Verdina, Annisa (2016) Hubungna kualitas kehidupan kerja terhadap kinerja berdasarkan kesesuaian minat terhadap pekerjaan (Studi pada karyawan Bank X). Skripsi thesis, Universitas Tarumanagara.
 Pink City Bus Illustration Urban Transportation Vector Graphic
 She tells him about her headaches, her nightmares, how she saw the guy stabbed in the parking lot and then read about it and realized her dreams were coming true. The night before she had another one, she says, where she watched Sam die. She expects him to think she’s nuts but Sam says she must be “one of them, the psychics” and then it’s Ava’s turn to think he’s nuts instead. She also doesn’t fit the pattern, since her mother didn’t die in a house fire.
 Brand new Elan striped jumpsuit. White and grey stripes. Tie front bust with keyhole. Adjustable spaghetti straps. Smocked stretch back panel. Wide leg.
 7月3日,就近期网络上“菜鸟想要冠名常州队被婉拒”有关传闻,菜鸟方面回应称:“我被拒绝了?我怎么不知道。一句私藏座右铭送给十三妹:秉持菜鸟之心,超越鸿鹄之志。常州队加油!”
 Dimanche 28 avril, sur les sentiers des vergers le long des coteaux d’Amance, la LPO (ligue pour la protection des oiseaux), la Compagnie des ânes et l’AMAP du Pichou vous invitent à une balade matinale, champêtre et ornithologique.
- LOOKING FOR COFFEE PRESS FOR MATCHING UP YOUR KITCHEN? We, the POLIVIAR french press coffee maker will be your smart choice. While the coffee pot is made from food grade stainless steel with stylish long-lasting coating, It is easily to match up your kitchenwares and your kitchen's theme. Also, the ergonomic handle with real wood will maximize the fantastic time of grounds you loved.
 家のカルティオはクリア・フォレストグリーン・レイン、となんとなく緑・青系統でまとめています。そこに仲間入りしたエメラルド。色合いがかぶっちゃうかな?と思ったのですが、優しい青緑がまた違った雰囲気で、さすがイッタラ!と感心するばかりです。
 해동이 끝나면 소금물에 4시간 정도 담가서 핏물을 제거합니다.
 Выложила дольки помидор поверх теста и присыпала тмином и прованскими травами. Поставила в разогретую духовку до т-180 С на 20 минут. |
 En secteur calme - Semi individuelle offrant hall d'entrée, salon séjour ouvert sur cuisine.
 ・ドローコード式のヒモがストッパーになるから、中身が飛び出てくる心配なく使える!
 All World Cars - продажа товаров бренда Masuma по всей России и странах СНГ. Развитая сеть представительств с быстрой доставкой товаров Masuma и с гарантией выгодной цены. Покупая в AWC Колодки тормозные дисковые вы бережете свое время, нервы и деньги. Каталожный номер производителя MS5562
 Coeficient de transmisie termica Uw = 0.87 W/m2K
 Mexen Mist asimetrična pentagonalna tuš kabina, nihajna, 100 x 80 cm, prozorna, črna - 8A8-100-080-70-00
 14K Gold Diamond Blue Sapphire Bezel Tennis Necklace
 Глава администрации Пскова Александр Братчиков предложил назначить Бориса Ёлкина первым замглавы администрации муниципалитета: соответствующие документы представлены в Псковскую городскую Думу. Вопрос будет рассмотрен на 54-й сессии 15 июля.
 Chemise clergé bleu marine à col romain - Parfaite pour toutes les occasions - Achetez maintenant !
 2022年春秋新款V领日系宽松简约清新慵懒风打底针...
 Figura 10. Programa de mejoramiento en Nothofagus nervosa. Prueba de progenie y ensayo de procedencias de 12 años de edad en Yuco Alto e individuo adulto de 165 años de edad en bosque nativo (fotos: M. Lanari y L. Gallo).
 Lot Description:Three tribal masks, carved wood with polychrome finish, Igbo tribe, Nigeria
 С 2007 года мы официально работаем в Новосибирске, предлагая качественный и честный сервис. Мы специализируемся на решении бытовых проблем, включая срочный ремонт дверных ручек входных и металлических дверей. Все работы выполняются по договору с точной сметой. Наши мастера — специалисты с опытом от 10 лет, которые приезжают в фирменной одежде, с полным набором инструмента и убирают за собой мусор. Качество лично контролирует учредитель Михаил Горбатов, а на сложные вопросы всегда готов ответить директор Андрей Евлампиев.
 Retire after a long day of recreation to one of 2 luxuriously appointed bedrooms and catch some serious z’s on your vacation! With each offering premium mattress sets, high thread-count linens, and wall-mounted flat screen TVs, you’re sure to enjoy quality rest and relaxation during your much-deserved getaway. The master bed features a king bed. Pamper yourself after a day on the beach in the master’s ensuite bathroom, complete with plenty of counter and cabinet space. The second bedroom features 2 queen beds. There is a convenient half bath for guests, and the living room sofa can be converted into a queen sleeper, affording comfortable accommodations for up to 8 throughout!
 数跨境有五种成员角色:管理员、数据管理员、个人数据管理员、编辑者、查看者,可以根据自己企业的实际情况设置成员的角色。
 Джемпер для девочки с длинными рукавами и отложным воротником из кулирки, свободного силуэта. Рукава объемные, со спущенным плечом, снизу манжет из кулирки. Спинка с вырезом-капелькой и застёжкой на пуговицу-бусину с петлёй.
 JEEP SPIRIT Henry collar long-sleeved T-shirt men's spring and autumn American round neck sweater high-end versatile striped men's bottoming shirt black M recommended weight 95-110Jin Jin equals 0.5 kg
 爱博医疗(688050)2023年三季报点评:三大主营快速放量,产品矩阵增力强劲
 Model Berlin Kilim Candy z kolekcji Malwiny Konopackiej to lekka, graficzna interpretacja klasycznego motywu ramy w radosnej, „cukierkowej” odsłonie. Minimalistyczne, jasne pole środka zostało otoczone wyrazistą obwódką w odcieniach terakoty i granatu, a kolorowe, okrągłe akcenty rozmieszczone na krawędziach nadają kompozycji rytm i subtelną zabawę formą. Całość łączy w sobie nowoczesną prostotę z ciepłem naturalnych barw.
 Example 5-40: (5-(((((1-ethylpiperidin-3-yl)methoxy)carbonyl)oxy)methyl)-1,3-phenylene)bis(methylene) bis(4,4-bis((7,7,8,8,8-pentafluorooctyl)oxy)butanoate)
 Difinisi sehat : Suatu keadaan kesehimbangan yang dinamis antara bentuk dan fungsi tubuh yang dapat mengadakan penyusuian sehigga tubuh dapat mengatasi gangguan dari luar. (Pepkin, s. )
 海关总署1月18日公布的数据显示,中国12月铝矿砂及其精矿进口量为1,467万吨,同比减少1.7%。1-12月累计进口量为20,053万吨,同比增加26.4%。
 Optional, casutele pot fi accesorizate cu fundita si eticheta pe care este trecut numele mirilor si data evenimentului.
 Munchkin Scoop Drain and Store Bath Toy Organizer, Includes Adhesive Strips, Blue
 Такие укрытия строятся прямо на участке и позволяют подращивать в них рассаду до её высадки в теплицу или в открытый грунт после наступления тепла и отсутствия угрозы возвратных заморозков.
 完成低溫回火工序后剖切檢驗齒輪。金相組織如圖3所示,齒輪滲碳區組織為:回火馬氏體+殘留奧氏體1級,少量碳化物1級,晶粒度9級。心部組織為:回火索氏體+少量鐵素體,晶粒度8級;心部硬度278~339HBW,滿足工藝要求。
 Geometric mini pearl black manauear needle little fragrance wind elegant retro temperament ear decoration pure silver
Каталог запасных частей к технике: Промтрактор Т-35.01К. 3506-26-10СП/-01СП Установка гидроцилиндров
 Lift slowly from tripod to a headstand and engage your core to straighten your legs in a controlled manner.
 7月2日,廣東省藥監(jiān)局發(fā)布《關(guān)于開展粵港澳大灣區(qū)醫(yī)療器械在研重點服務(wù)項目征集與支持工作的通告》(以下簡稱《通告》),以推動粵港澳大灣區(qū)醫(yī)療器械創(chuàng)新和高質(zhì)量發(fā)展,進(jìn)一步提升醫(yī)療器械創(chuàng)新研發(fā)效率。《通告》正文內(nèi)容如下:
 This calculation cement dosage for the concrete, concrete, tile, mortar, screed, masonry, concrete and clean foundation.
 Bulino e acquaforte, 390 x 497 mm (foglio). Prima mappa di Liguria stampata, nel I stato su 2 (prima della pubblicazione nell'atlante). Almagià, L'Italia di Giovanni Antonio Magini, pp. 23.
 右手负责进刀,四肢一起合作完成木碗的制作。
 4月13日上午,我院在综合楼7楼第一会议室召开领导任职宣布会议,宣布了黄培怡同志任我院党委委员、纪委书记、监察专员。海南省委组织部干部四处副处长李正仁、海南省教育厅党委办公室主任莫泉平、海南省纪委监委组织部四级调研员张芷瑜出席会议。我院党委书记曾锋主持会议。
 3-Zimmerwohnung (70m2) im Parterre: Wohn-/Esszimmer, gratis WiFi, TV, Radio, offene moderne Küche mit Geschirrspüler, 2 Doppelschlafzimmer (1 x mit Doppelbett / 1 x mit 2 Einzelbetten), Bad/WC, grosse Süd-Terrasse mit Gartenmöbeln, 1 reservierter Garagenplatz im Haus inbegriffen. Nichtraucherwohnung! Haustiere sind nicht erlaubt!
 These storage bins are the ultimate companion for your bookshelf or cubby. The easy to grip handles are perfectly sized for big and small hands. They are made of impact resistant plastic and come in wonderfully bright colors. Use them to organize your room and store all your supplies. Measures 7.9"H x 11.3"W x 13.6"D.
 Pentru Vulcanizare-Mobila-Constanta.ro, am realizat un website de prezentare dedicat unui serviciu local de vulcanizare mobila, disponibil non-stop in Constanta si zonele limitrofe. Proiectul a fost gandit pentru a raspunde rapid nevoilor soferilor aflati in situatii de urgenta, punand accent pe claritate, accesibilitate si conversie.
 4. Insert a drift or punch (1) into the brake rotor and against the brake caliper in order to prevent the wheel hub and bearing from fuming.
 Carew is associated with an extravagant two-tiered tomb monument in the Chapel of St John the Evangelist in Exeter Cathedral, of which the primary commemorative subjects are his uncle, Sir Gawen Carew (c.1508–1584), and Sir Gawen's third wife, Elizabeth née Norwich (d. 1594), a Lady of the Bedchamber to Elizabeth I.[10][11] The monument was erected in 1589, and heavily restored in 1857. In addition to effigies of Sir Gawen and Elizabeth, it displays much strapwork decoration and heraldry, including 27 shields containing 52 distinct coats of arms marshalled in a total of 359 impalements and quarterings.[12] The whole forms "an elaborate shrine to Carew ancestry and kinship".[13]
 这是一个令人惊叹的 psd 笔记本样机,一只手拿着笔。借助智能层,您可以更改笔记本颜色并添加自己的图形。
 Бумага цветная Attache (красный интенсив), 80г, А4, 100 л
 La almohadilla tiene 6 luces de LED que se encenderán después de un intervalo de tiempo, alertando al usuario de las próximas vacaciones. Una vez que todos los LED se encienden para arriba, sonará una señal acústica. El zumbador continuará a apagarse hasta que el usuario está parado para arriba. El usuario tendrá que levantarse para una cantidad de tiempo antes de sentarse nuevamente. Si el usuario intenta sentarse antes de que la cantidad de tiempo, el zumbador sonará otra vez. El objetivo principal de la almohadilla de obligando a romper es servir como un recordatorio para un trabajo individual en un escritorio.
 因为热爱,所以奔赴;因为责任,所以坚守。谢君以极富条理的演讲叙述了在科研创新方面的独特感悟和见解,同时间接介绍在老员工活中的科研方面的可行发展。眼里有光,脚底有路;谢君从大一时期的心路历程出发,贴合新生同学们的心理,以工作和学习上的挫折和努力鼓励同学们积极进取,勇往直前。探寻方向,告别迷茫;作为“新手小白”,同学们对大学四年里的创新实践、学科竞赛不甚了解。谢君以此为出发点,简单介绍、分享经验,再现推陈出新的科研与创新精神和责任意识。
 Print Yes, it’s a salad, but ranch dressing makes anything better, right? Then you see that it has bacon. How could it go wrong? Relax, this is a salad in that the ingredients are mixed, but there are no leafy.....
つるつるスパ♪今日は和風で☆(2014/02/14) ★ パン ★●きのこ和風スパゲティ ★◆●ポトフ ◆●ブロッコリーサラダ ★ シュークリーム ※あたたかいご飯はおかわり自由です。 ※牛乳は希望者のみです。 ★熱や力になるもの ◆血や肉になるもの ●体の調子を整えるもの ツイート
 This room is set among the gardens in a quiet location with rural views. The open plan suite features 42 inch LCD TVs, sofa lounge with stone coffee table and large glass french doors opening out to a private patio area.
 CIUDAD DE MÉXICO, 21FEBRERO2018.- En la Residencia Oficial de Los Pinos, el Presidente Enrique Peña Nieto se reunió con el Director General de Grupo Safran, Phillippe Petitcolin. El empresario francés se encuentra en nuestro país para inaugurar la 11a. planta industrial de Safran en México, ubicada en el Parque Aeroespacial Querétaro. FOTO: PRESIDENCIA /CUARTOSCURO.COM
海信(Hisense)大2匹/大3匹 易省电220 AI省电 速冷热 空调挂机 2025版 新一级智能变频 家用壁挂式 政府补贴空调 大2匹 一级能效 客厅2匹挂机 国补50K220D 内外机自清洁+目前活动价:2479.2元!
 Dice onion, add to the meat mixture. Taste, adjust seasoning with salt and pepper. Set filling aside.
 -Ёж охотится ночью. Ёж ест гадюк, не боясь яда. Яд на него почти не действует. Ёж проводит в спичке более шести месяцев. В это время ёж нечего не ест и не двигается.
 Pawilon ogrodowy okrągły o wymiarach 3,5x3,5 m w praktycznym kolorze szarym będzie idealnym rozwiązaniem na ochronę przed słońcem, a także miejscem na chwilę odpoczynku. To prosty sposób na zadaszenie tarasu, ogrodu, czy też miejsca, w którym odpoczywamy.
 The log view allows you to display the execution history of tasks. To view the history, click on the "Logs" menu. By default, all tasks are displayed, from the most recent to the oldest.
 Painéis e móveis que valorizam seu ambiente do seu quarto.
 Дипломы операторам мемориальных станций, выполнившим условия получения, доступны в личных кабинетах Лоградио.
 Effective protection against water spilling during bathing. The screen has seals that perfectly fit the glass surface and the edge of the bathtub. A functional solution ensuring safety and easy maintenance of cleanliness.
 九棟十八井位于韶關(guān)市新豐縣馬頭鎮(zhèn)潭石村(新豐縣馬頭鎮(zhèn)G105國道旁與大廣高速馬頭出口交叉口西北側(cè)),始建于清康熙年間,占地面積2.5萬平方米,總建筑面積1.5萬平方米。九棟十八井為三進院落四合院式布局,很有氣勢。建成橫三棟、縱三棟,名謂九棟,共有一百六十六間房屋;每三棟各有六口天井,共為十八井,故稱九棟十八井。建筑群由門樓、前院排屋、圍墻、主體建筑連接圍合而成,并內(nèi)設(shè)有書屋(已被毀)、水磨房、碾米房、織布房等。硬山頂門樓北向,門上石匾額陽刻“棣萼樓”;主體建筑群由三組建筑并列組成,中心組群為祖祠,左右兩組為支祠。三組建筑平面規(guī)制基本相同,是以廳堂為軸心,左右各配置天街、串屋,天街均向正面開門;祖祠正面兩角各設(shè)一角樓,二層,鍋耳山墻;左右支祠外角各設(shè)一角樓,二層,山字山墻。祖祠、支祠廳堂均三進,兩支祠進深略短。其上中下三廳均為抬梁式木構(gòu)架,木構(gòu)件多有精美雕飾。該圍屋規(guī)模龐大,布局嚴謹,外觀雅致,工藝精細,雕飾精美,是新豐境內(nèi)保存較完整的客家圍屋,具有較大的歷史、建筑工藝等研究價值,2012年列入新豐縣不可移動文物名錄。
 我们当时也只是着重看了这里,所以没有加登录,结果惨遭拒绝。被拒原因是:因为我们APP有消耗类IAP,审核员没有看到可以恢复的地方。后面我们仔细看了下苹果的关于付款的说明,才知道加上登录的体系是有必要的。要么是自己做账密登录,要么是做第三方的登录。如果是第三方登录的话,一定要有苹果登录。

******************************

The exact lines of the material above starting at the one that contains "Brand new Elan" and ending at the one that contains "14K Gold Diamond" are what to retype; leave out everything else.

 Brand new Elan striped jumpsuit. White and grey stripes. Tie front bust with keyhole. Adjustable spaghetti straps. Smocked stretch back panel. Wide leg.
 7月3日,就近期网络上“菜鸟想要冠名常州队被婉拒”有关传闻,菜鸟方面回应称:“我被拒绝了?我怎么不知道。一句私藏座右铭送给十三妹:秉持菜鸟之心,超越鸿鹄之志。常州队加油!”
 Dimanche 28 avril, sur les sentiers des vergers le long des coteaux d’Amance, la LPO (ligue pour la protection des oiseaux), la Compagnie des ânes et l’AMAP du Pichou vous invitent à une balade matinale, champêtre et ornithologique.
- LOOKING FOR COFFEE PRESS FOR MATCHING UP YOUR KITCHEN? We, the POLIVIAR french press coffee maker will be your smart choice. While the coffee pot is made from food grade stainless steel with stylish long-lasting coating, It is easily to match up your kitchenwares and your kitchen's theme. Also, the ergonomic handle with real wood will maximize the fantastic time of grounds you loved.
 家のカルティオはクリア・フォレストグリーン・レイン、となんとなく緑・青系統でまとめています。そこに仲間入りしたエメラルド。色合いがかぶっちゃうかな?と思ったのですが、優しい青緑がまた違った雰囲気で、さすがイッタラ!と感心するばかりです。
 해동이 끝나면 소금물에 4시간 정도 담가서 핏물을 제거합니다.
 Выложила дольки помидор поверх теста и присыпала тмином и прованскими травами. Поставила в разогретую духовку до т-180 С на 20 минут. |
 En secteur calme - Semi individuelle offrant hall d'entrée, salon séjour ouvert sur cuisine.
 ・ドローコード式のヒモがストッパーになるから、中身が飛び出てくる心配なく使える!
 All World Cars - продажа товаров бренда Masuma по всей России и странах СНГ. Развитая сеть представительств с быстрой доставкой товаров Masuma и с гарантией выгодной цены. Покупая в AWC Колодки тормозные дисковые вы бережете свое время, нервы и деньги. Каталожный номер производителя MS5562
 Coeficient de transmisie termica Uw = 0.87 W/m2K
 Mexen Mist asimetrična pentagonalna tuš kabina, nihajna, 100 x 80 cm, prozorna, črna - 8A8-100-080-70-00
 14K Gold Diamond Blue Sapphire Bezel Tennis Necklace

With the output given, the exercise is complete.